■ **Problem**
Output all entries precisely and leave out the pictures.

Stored data: Begin

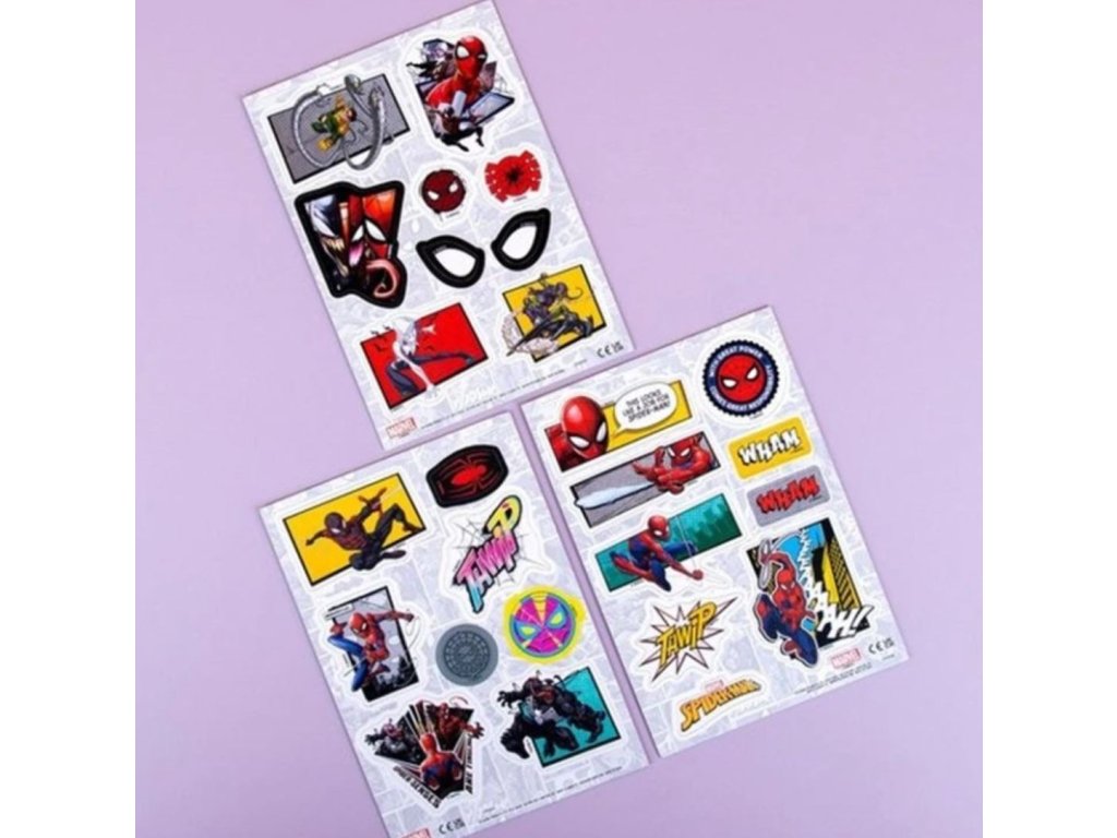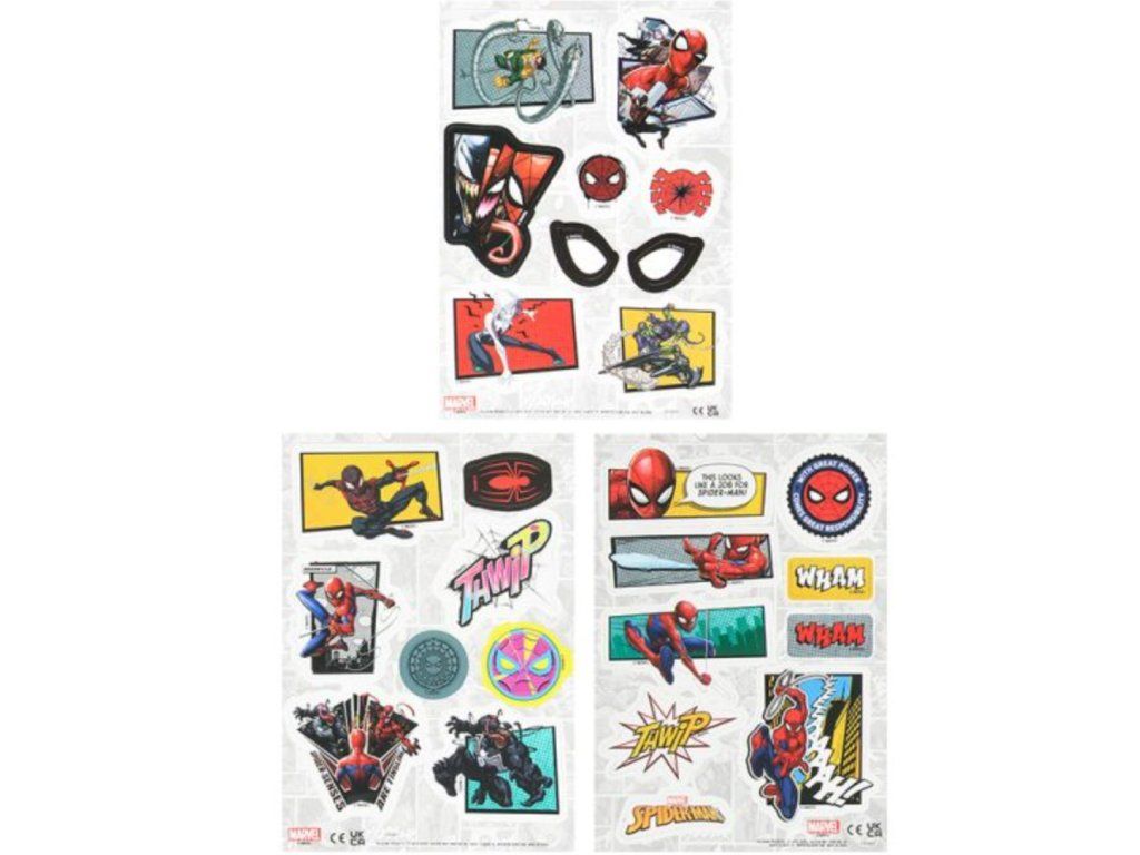 Set 3 listů magnetů s logem a grafikou ikon a grafických nápisů Spidermana.
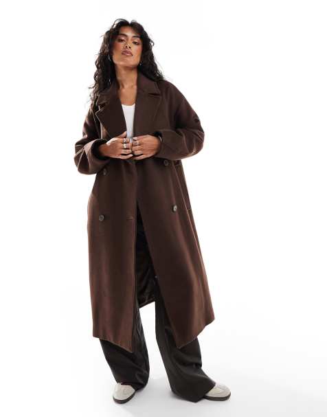 Abrigo de vestir largo marrón con doble botonadura de tejido efecto lana de Aria Cove
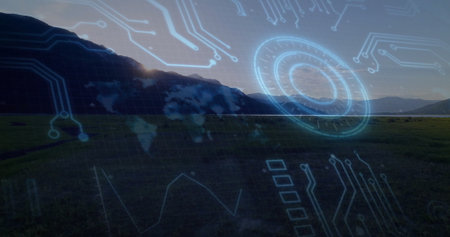 Displaying mountain ridge spanning valley at dusk, with blue circuit patterns, copy space. Nature, technology, landscape, futurism, innovation, connectivity, outdoor
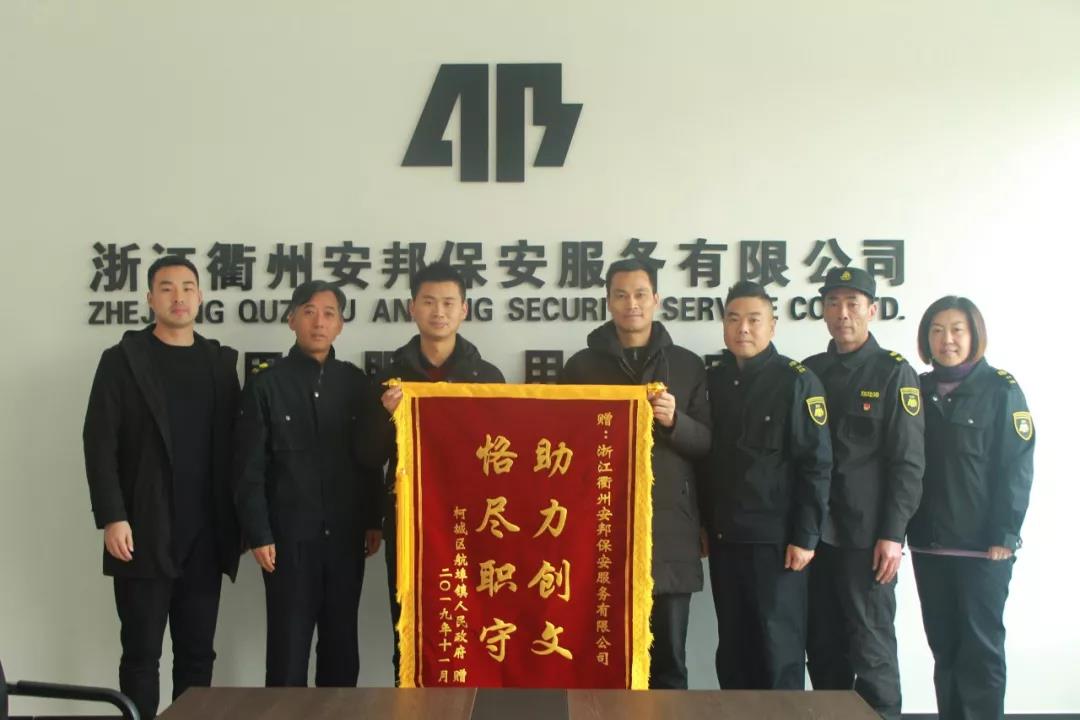 1月21日下午,航埠镇党委委员方小荣、镇便民服务中心副主任叶凯靖一行2人来到浙江衢州安邦保安服务有限公司,将一面印有“助力创文 恪尽职守”的锦旗送到浙江衢州黑料网
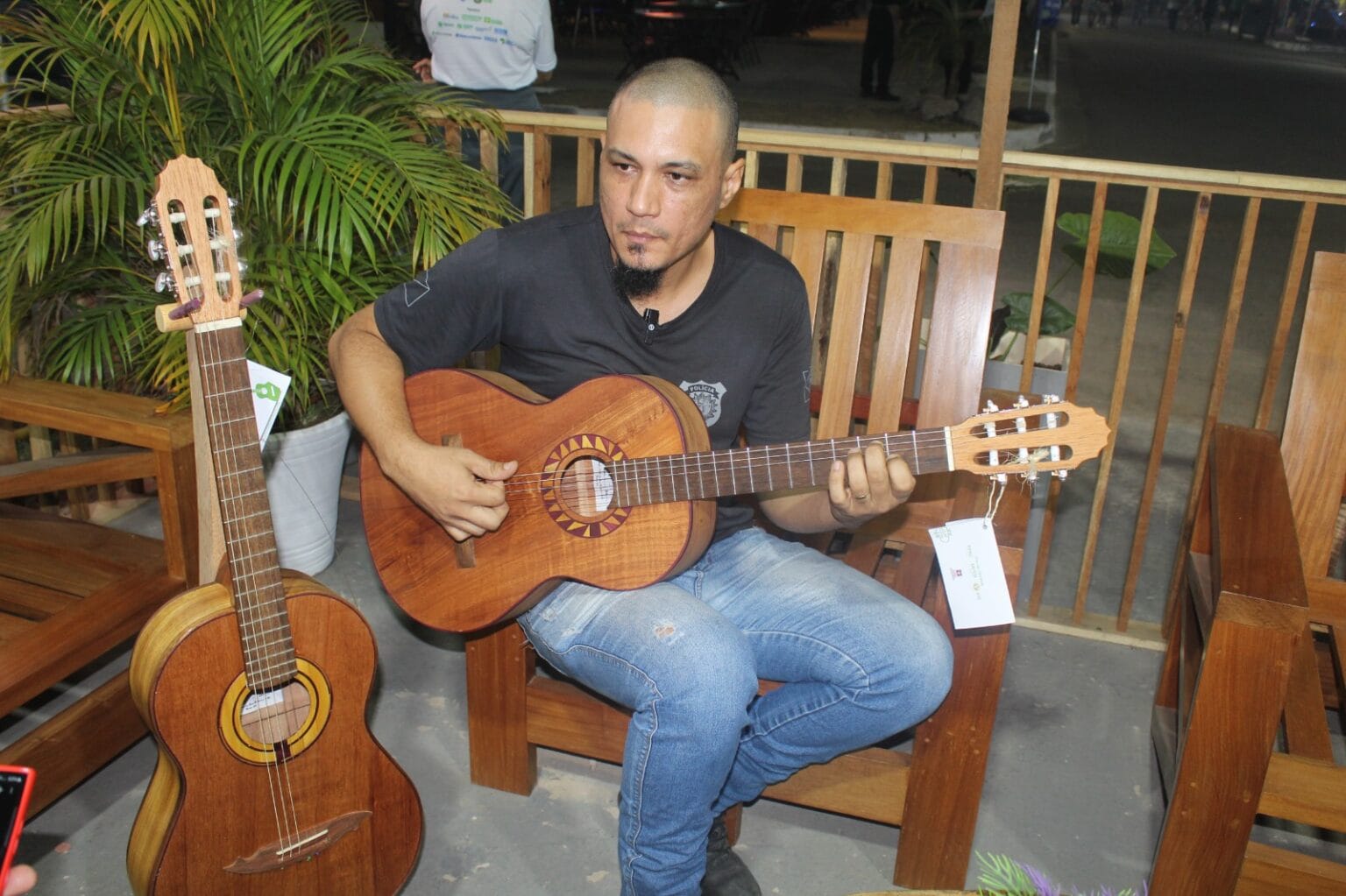 Violões fabricados na oficina Sons da Liberdade, por detentos de Rio Branco, chamam a atenção da população durante Expoacre 2024. Foto: Zayra Amorim/Iapen
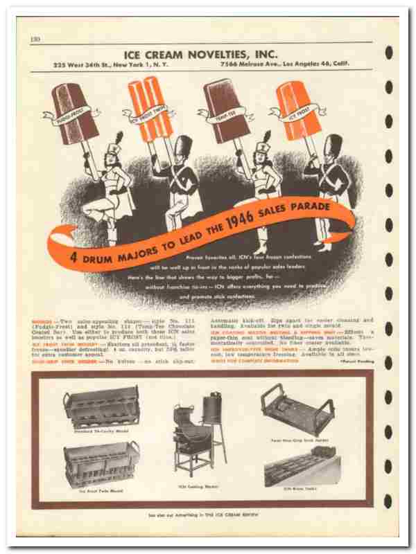 Original 1946 dairy trade vintage catalog for ICE CREAM NOVELTIES, INC. Main office and plant was located at 225 West 34th Street, New York, NY. and at 7566 Melrose Avenue, Los Angeles, CA.
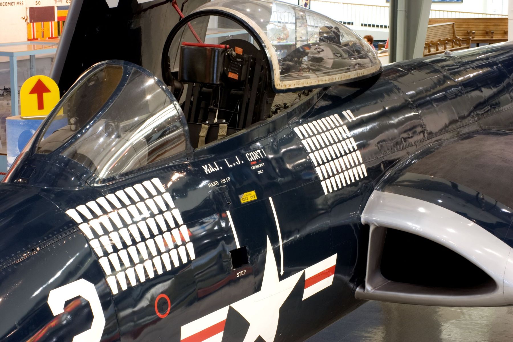 Close-up view of the cockpit section of the F2H-2P on display in the museum showing camera silhouettes denoting photoreconnaissance missions.

Stored data: End

■ **Result of the task**
 Set 3 listů magnetů s logem a grafikou ikon a grafických nápisů Spidermana.
 Abrigo de vestir largo marrón con doble botonadura de tejido efecto lana de Aria Cove
 Displaying mountain ridge spanning valley at dusk, with blue circuit patterns, copy space. Nature, technology, landscape, futurism, innovation, connectivity, outdoor
 1月21日下午,航埠镇党委委员方小荣、镇便民服务中心副主任叶凯靖一行2人来到浙江衢州安邦保安服务有限公司,将一面印有“助力创文 恪尽职守”的锦旗送到浙江衢州黑料网
 Violões fabricados na oficina Sons da Liberdade, por detentos de Rio Branco, chamam a atenção da população durante Expoacre 2024. Foto: Zayra Amorim/Iapen
 Original 1946 dairy trade vintage catalog for ICE CREAM NOVELTIES, INC. Main office and plant was located at 225 West 34th Street, New York, NY. and at 7566 Melrose Avenue, Los Angeles, CA.
 Close-up view of the cockpit section of the F2H-2P on display in the museum showing camera silhouettes denoting photoreconnaissance missions.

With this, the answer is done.